Omit all pictures. Print the remaining lines exactly, from the start of the data through the line containing "Aj mechanická ceruza".
::::
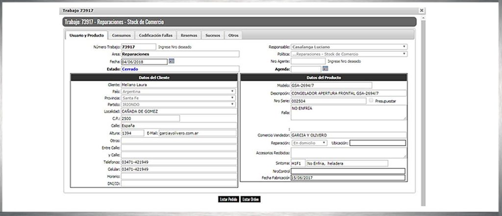 Ahora falta cargar la tarifa, colocar la falla y cerrar el trabajo:
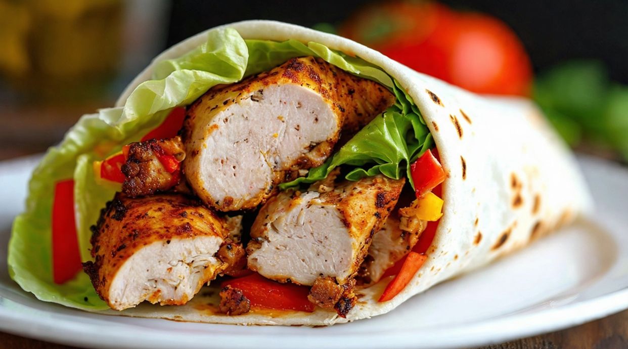 Thinly sliced cuts of vegetables and cream rolled into a large piece of pita bread with a choice of shredded chicken or beef and heated with single sausage
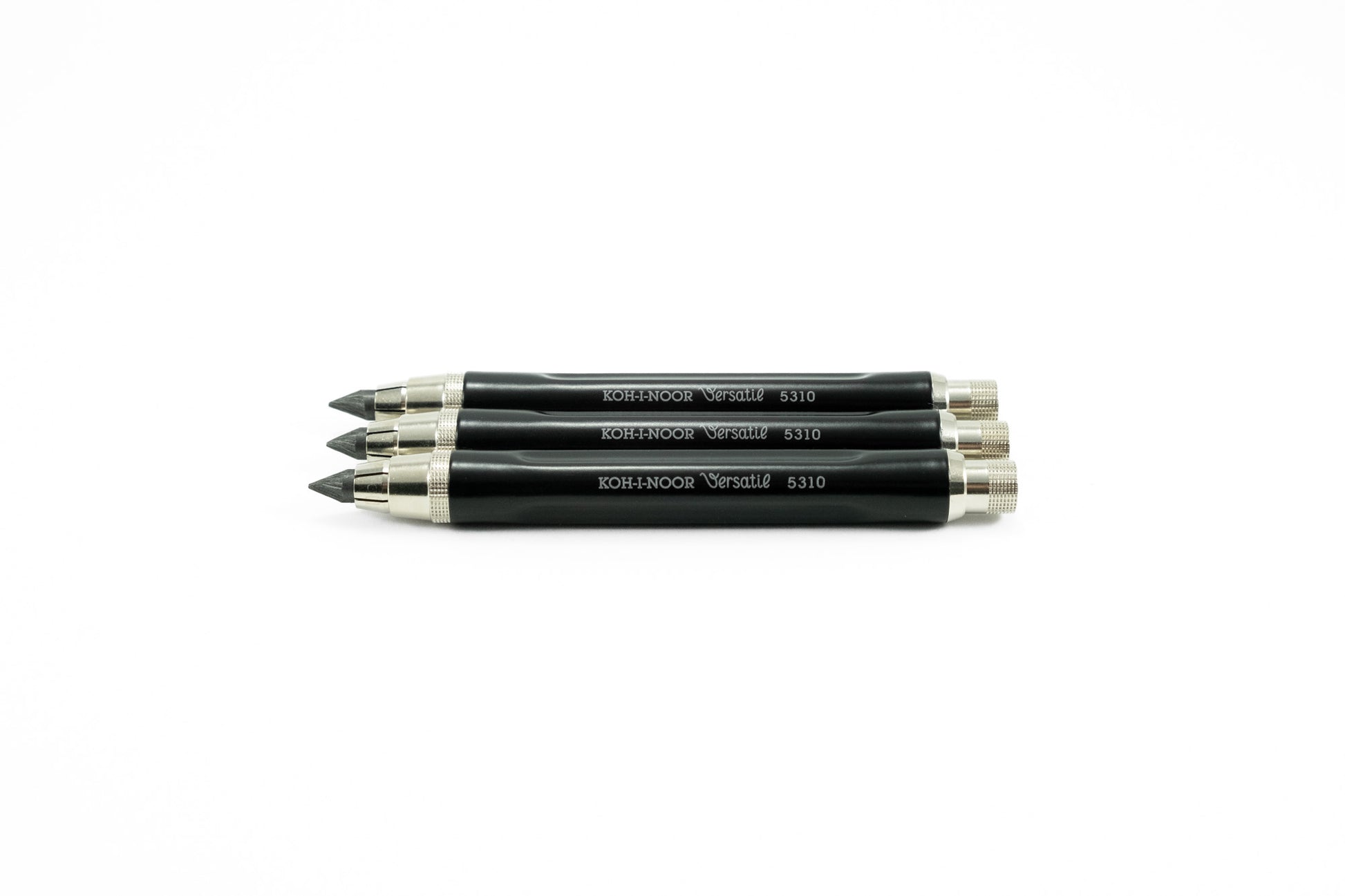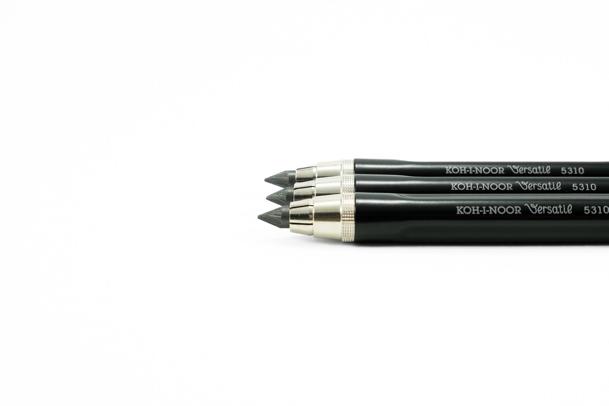 Aj mechanická ceruza pre hrubšie tuhy má svoju kratšiu alternatívu. Je ňou táto versatilka v celokovovom čiernom plášti, ktorý má netradične kruhový profil s tromi tvarovanými drážkami pre pohodlné uchopenie.
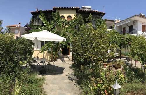 This is a house located in Afitos, Halkidiki, 200 meters from the center of the traditional village of Afitos and 700 meters from the deep blue and sandy beach. Divided into four independent studios, each with a separate entrance. Around the building there is a garden with various trees, plants and flowers that the visitor can spend pleasant hours of rest and relaxation. The studios have recently changed furniture.
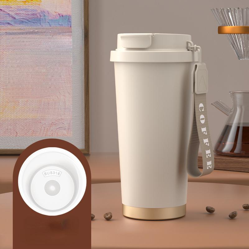Простая и вместительная термокружка из нержавеющей стали 316, двухслойная керамическая кофейная кружка для питья, автомобильная портативная кружка для воды с соломинкой
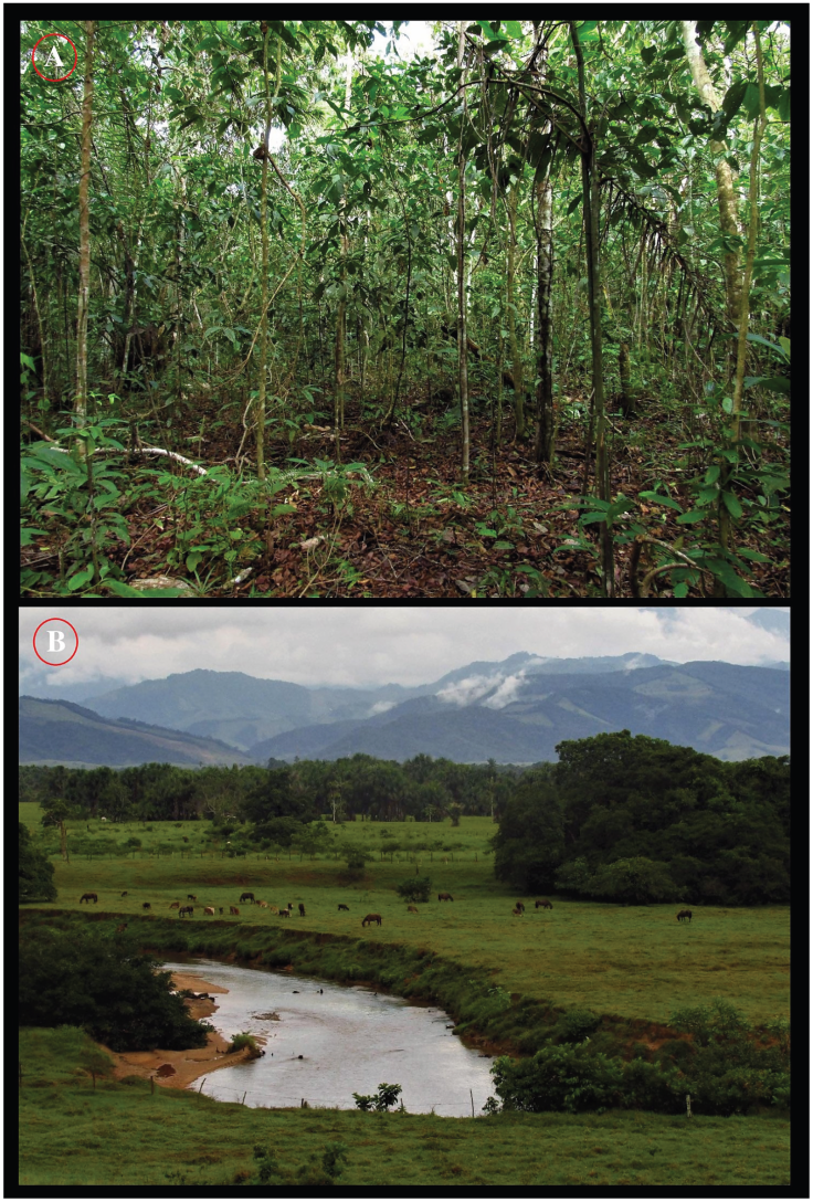 Figura 3 Hábitat de Hamptophryne boliviana en el noroccidente amazónico, departamento de Caquetá, Colombia. (A) Interior de bosque secundario con cerca de 20 años de regeneración natural, vereda Azabache, municipio Belén de los Andaquíes. (B) Vista general del paisaje en el área de estudio, resaltando el uso del suelo para ganadería, vereda Sinaí, municipio de Morelia. / Figure 3. Habitat of Hamptophryne boliviana in the northwestern Amazon, department of Caquetá, Colombia. (A) Interior of secondary forest with 20 years of natural regeneration in the Azabache village, municipality of Belén de los Andaquíes. (B) General view of the landscape in the study area, highlighting the land use for cattle ranchingat the Sinaí village, municipality of Morelia.
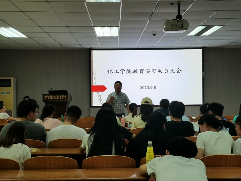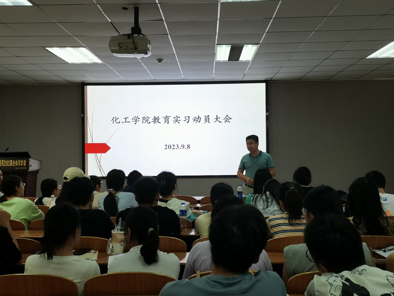 于东校区14教北201召开2020级化学师范生教育实习动员大会。副院长吴爱斌、党委副书记杨会军,化学系舒文明、刘华荣、童金强等老师共同参会。
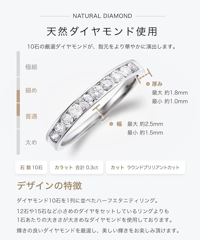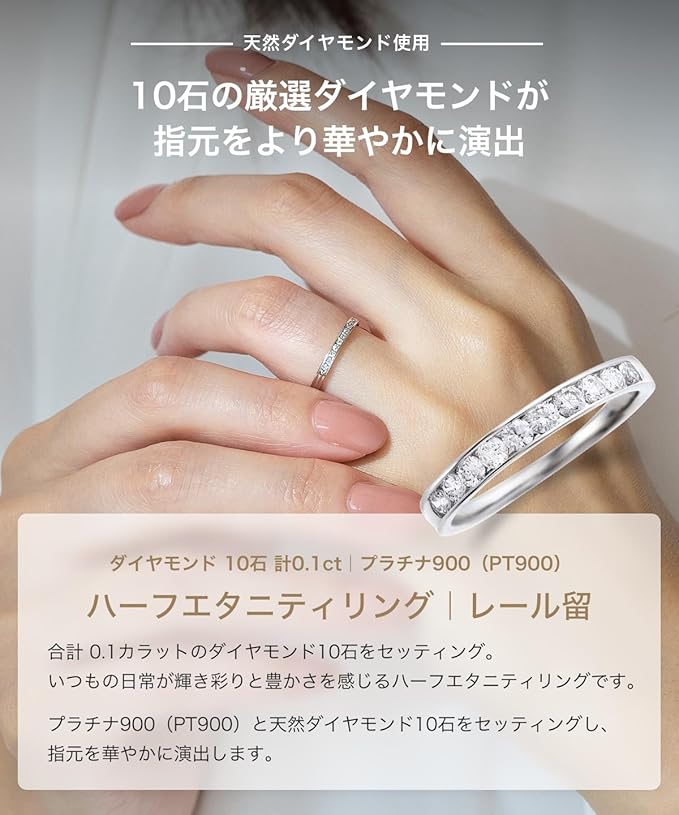 LEGAN (レガン) ハーフ エタニティリング プラチナ ダイヤモンド 10石 0.3ct レール留 天然ダイヤモンド PT900 指輪 婚約指輪 マリッジリング レディース 日本国内製
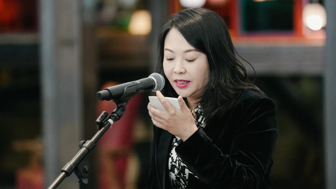 ▲ 开幕现场,艺术家尹秀珍致辞并导览
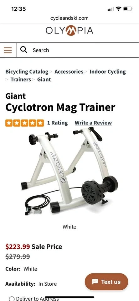 Buy & SellGiant Cyclotron Mag Bike TrainerGiant Cyclotron Mag Bike Trainer$125Giant Cyclotron Mag trainer, includes front wheel support and seat sweat cover. Smooth tire.WHERE TO MEETCheck LocationView MapSELLERMark McLarenRavenna100 reviews0 chats·0 favorites·2 viewsSEND CHAT TO SELLERHi Mark McLaren! I’m interested in your listing.Hi Mark McLaren! I’m interested in your listing.Get the Karrot app to chatSign In to chat
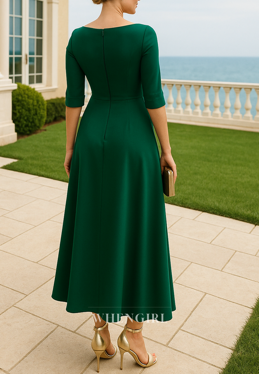 Green Bateau Neck Long Sleeves Tea Length A-Line Mother of the Bride Dress
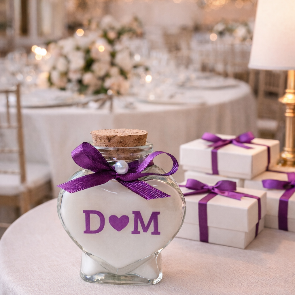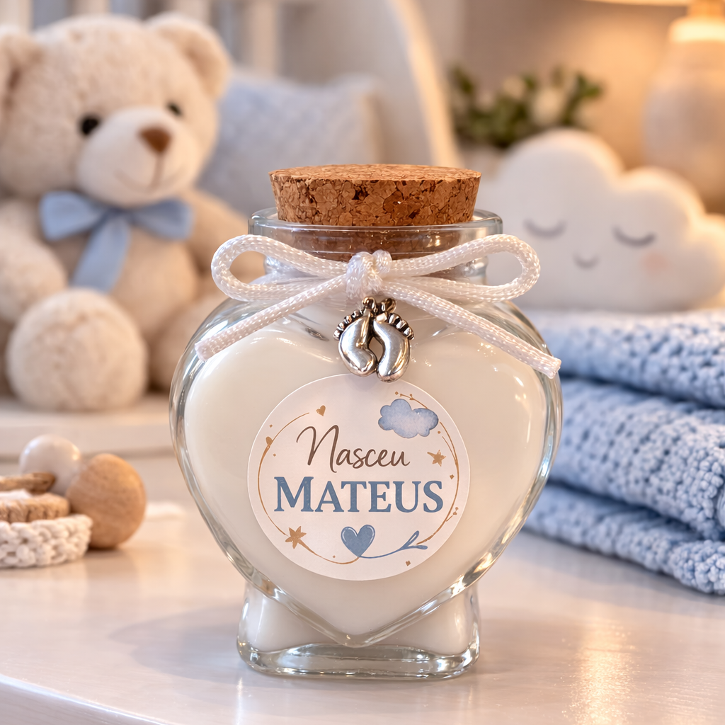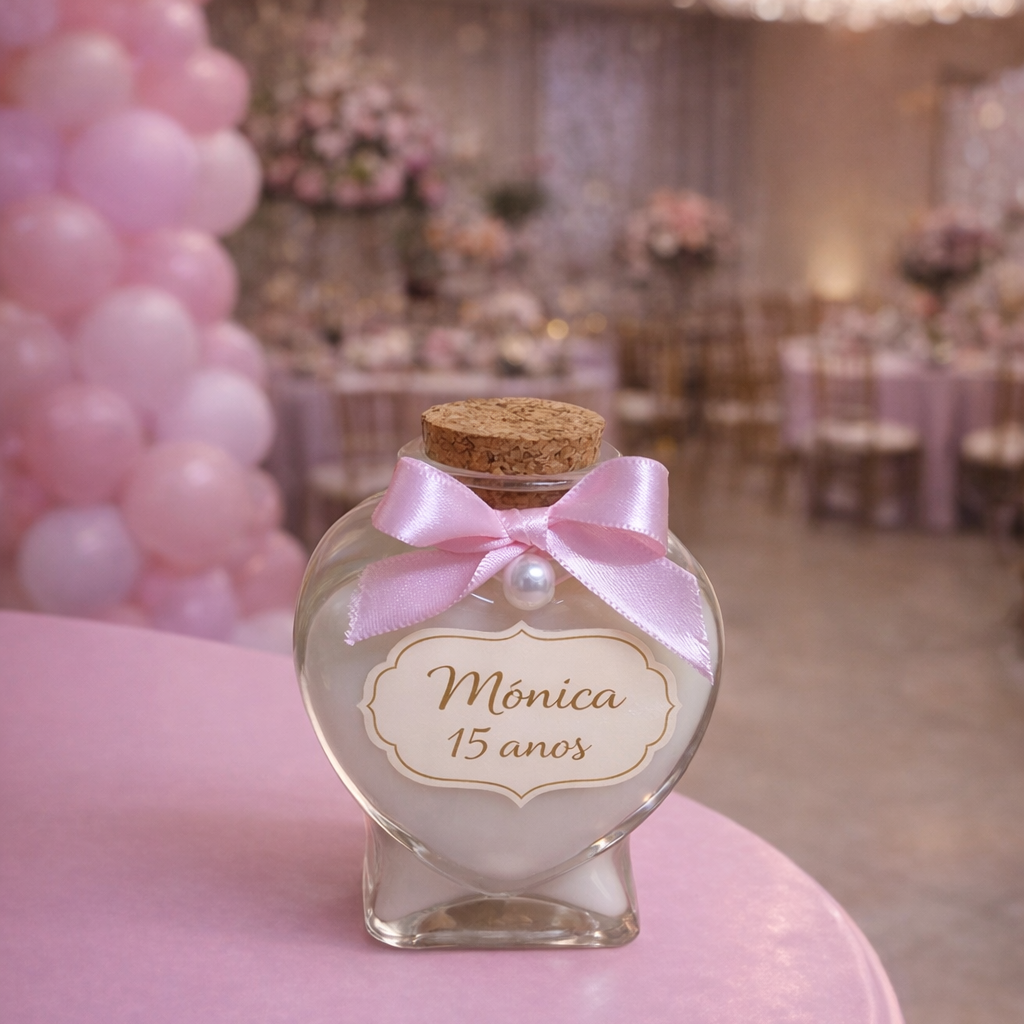 Vela com tampa rolha e vidro coração personalizado para seu evento
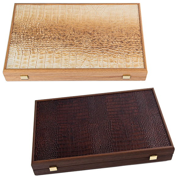 Кожената табла Crocodile tote има уникален външен вид и е изработена с вечна естетика. Отличаваща се със страхотен стил и издръжлива конструкция, тази табла демонстрира високо ниво на изработка. Комбинацията от твърда дървена рамка с най-добрата външна повърхност от италианска кожа е създадена специално за най-взискателните играчи на табла. Инкрустираното игрално поле е перфектно сглобено и изработено със специална немска екокожа в бежово с карамелени и кафяви капии. Тази табла е създадена да доставя удоволствие през целия живот. Таблата е ръчно изработена чрез техника "Интарзия", наричана също "Инкрустация", при която различните видове фурнир се режат на фигури от майстори артисти. Впоследствие фигурите се подреждат и влагат една в друга. По този начин се получава игрално поле с невероятна красота. *Забележка! Тъй като при направата на този продукт са използвани висококачествени естествени материали, всяка една табла е уникална и различна от другите. Снимката е илюстративна, като показва цветове и разположение на фурнирите. Продуктът, който ще получите може да се различава от снимката по фладер (шарка на дървесината) и нюанс на цвета.
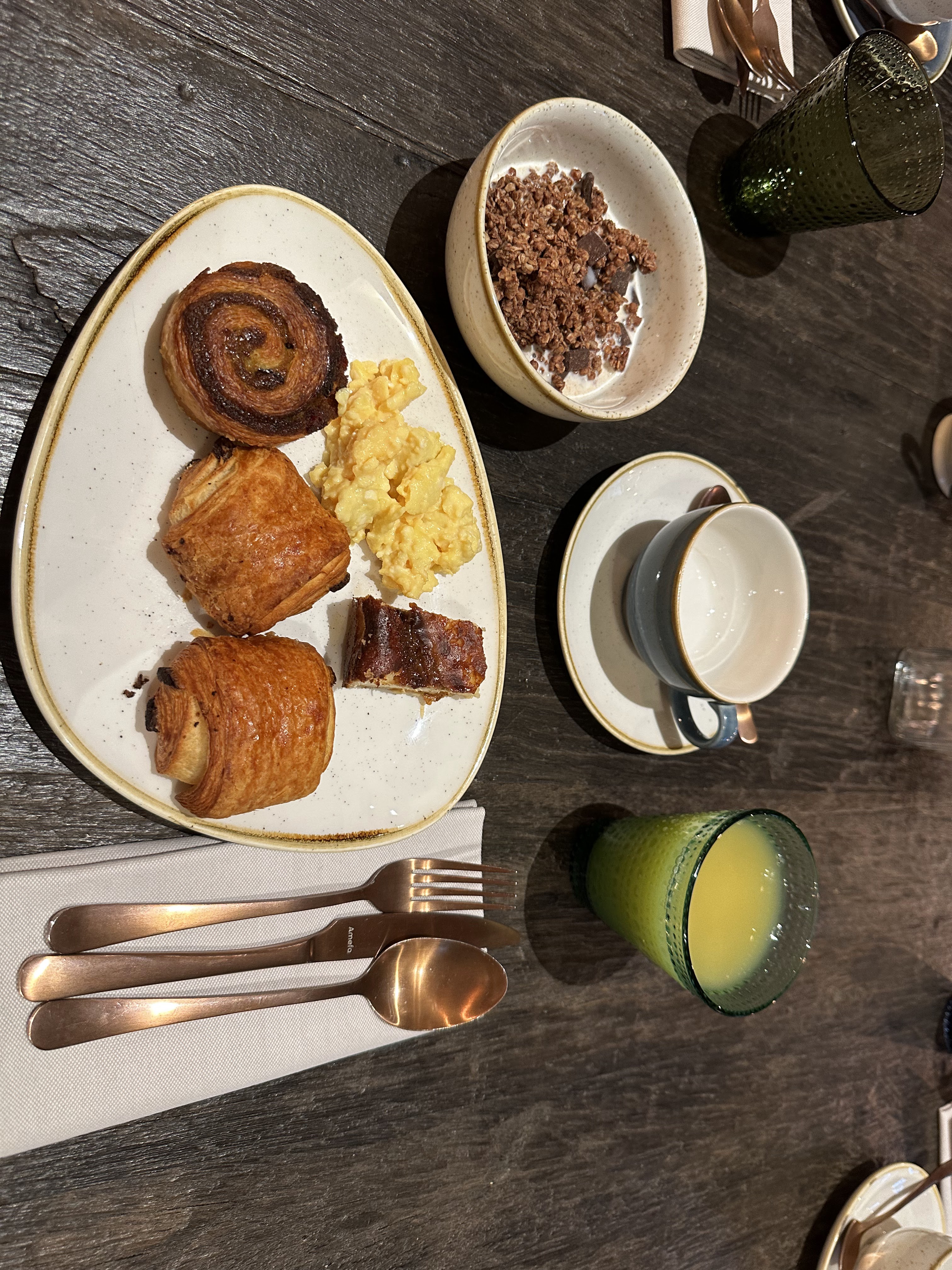Très cher On nous a dit que l on pouvez consommer à la carte avant de nous déplacer et au final il n y avait que le brunch a 45€ par personne. Les oeufs servis tièdes voir froid Le pain très dur Bonnes pâtisseries Les boissons chaudes et jus de fruits ne sont pas a volonté
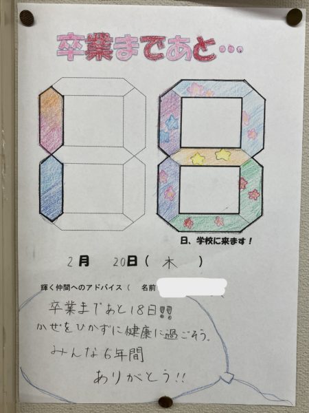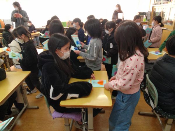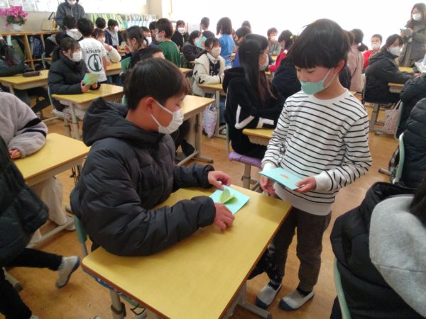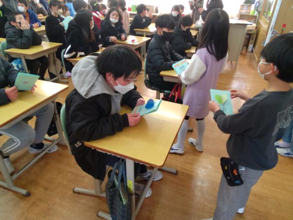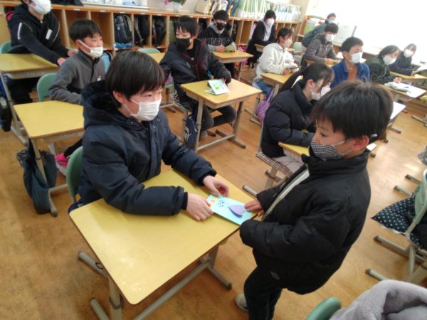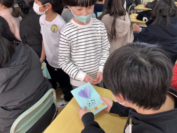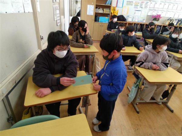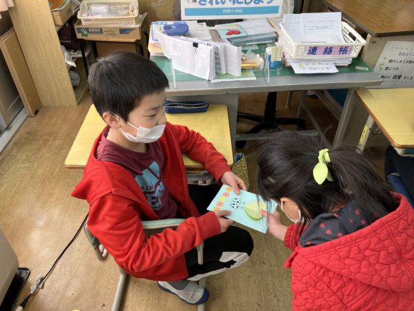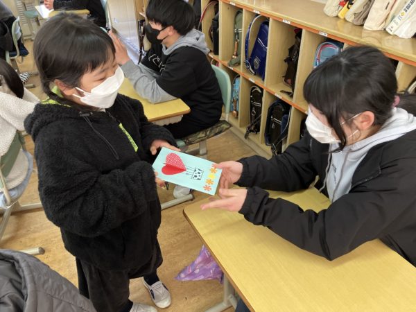 2025年2月20日 / 最終更新日時 : 2025年2月20日 明野小 2年生 招待状をありがとう! 6年生のカウントダウンカレンダーが20日を切りました。 今日は6年教室にかわいいお客さんがやってきました。 2年生が手作りの「6年生を送る会」招待状を届けに来てくれました。 同じ縦割り班の6年生あてに作ってくれたそうです。 一人一人に言葉を添えて渡していました。 6年生は渡された招待状を嬉しそうに見ていました。 2年生のみなさん、ステキな招待状をありがとう。
::::
» Answer to the problem
 Ahora falta cargar la tarifa, colocar la falla y cerrar el trabajo:
 Thinly sliced cuts of vegetables and cream rolled into a large piece of pita bread with a choice of shredded chicken or beef and heated with single sausage
 Aj mechanická ceruza pre hrubšie tuhy má svoju kratšiu alternatívu. Je ňou táto versatilka v celokovovom čiernom plášti, ktorý má netradične kruhový profil s tromi tvarovanými drážkami pre pohodlné uchopenie.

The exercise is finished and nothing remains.